Coalition talks are a courtship ritual that has no relation to outcome. Why go through the trouble?
By JERUSALEM POST STAFFanshel 88(photo credit: )
After last week's empty gestures and pointless "consultations" between the parties and the president over who should form a coalition, while the real business was going on in secret meetings between Ehud Olmert and Amir Peretz, we're in for a second week of political farce. The "coalition talks" that started Sunday in Kfar Hamaccabiah are no more than a meaningless courtship ritual that has virtually no relationship to the final outcome.
This is the hour of the lawyers and various other power brokers, who have met each other across the same table in countless similar negotiations. The only difference now is that some who used to be on the same team are now sitting opposite each other.
Premier league attorneys David Liba'i and Ram Caspi were once permanent fixtures of the Labor team, but Caspi moved with his old friend Shimon Peres and is now on the Kadima bench. The same goes for spin-doctor Eyal Arad, who met his former Likud teammates Limor Livnat and Gideon Sa'ar - this time as adversary.
Only David Glass gave a sense of permanency; Rabbi Ovadia Yosef's lawyer and confidant has been chief Shas negotiator since the party's first election campaign in 1984. When reporters asked him how the talks were going, he gave his usual half-smile and said, "They [Kadima] want us in. We can be finished in 10 days, by the end of Pessah."
He knows that it could actually be over in less than 10 hours, and that's what is going to eventually happen. After the empty meetings and artificial crises, Olmert will get down to business in a few quick, one-on-one meetings with Peretz, Eli Yishai and Avigdor Lieberman, and the coalition will be cobbled together in time to be sworn in before the deadline.
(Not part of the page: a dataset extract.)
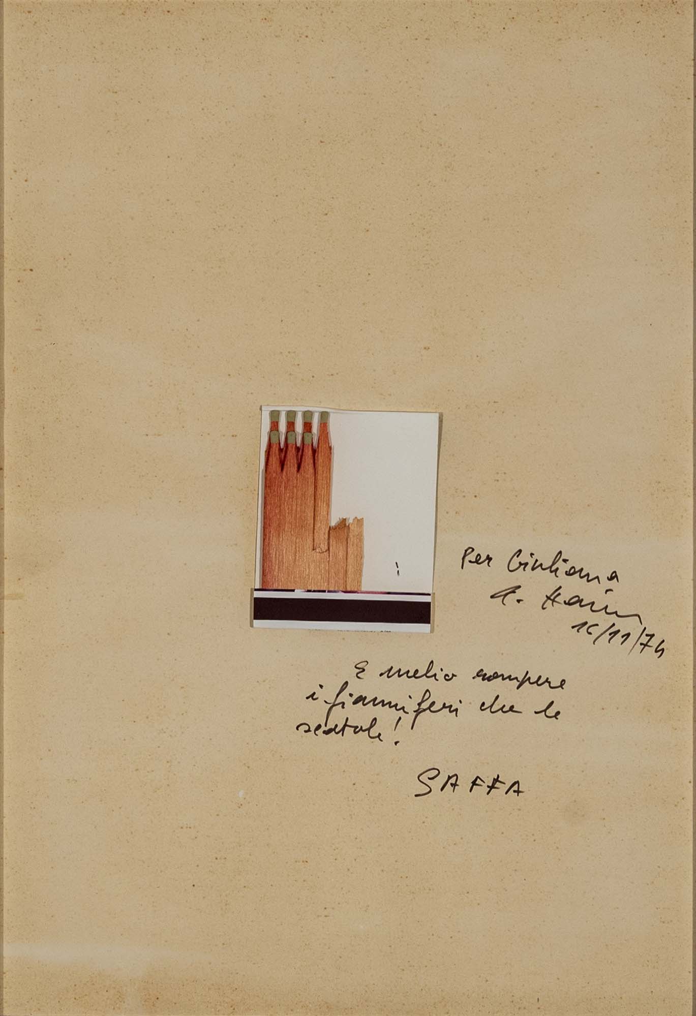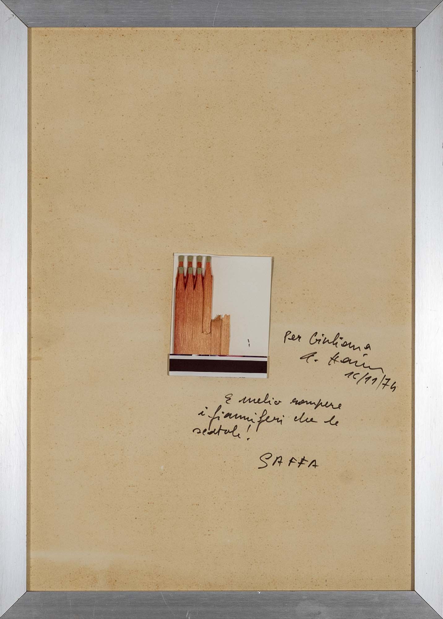 tecnica mista e collage di fiammiferi su carta riportata su tavola cm. 50x35

Olmert's choice among one of three possible coalitions - Labor-Lieberman-haredim, Labor-haredim and Lieberman-haredim - will not be determined by the outcome of this week's talks but by the political calculations of each party leader, who will have to decide between leading the way into the wilderness of opposition and going back to his colleagues or his rabbi with a raw deal.
So why go to all the trouble of conducting endless rounds of talks? Why go into the nitpicking details of coalition guidelines, state budgets and imaginary peace plans? One reason is to provide time for the leaders to get their own houses in order. Rebellious MKs have to be put in line, hatchets buried and power shared between rival factions before the political establishment can settle down after the elections to another few years of misrule.
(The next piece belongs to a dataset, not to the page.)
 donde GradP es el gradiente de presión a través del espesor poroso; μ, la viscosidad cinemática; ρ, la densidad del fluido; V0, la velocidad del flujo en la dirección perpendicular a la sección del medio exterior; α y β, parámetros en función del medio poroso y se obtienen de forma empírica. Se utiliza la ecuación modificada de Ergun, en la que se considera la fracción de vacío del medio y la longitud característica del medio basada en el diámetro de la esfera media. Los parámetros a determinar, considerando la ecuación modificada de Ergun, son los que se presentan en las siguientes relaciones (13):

The Kfar Hamaccabiah talks are also a useful smoke screen for the real negotiations, which need time. The leaders want to wear out the wanna-be ministers in their parties and bring down their demands.
But the talks are most of all a charade aimed at us, the public. By spending endless hours on principle and policy, the negotiating teams create a semblance of order and reason. They want us to have the illusion that the country isn't being run on a hit-and-miss system of governance by circumstance. A month from now, there will be a new administration that, like most Israel has known over the years, will try to survive from day to day. But for now it seems as if a group of responsible grown-ups are making plans for all of us.
Well, at least these talks aren't costing us more than the price of the orange juice and rugelach. The lawyers, who usually charge $500 per hour, are doing this for free, as the prestige they gain from taking part in the talks is priceless.